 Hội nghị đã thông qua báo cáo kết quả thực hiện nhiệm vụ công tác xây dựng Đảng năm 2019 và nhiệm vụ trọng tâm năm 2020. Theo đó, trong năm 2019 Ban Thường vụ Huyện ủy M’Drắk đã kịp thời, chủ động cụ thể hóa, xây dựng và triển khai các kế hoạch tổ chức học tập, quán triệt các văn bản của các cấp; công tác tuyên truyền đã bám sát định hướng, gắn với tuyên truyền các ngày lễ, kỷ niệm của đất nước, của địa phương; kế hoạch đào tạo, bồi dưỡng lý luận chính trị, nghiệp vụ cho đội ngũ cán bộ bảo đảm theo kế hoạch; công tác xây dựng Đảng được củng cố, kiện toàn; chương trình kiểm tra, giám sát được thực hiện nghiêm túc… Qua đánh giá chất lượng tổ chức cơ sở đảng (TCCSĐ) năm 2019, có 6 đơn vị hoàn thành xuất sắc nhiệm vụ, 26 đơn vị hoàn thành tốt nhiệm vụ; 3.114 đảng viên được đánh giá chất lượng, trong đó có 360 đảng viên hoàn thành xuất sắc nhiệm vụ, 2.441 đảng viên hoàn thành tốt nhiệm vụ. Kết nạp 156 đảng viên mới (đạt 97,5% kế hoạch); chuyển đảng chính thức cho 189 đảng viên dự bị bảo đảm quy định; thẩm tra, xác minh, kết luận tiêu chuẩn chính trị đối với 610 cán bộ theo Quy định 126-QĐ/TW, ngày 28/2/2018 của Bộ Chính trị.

---

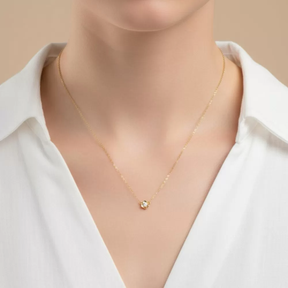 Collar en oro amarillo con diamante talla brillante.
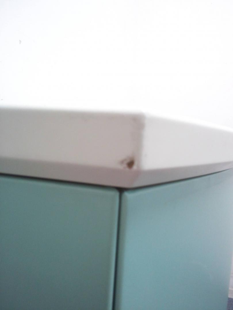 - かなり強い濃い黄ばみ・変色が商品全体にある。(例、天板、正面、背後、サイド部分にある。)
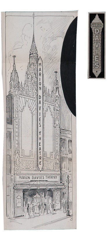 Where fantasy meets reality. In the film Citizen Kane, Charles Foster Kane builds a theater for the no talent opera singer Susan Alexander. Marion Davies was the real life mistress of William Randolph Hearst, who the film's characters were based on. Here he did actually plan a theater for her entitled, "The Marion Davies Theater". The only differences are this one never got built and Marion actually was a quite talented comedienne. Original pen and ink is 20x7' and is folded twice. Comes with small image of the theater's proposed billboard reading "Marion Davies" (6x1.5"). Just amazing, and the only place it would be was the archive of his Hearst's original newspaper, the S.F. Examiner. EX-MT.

What is expected
Copy exactly the material above from the line with "Collar en oro" to the line with "- かなり強い濃い黄ばみ・変", ends included, and nothing else. Leave out any picture.

Expected output
 Collar en oro amarillo con diamante talla brillante.
 - かなり強い濃い黄ばみ・変色が商品全体にある。(例、天板、正面、背後、サイド部分にある。)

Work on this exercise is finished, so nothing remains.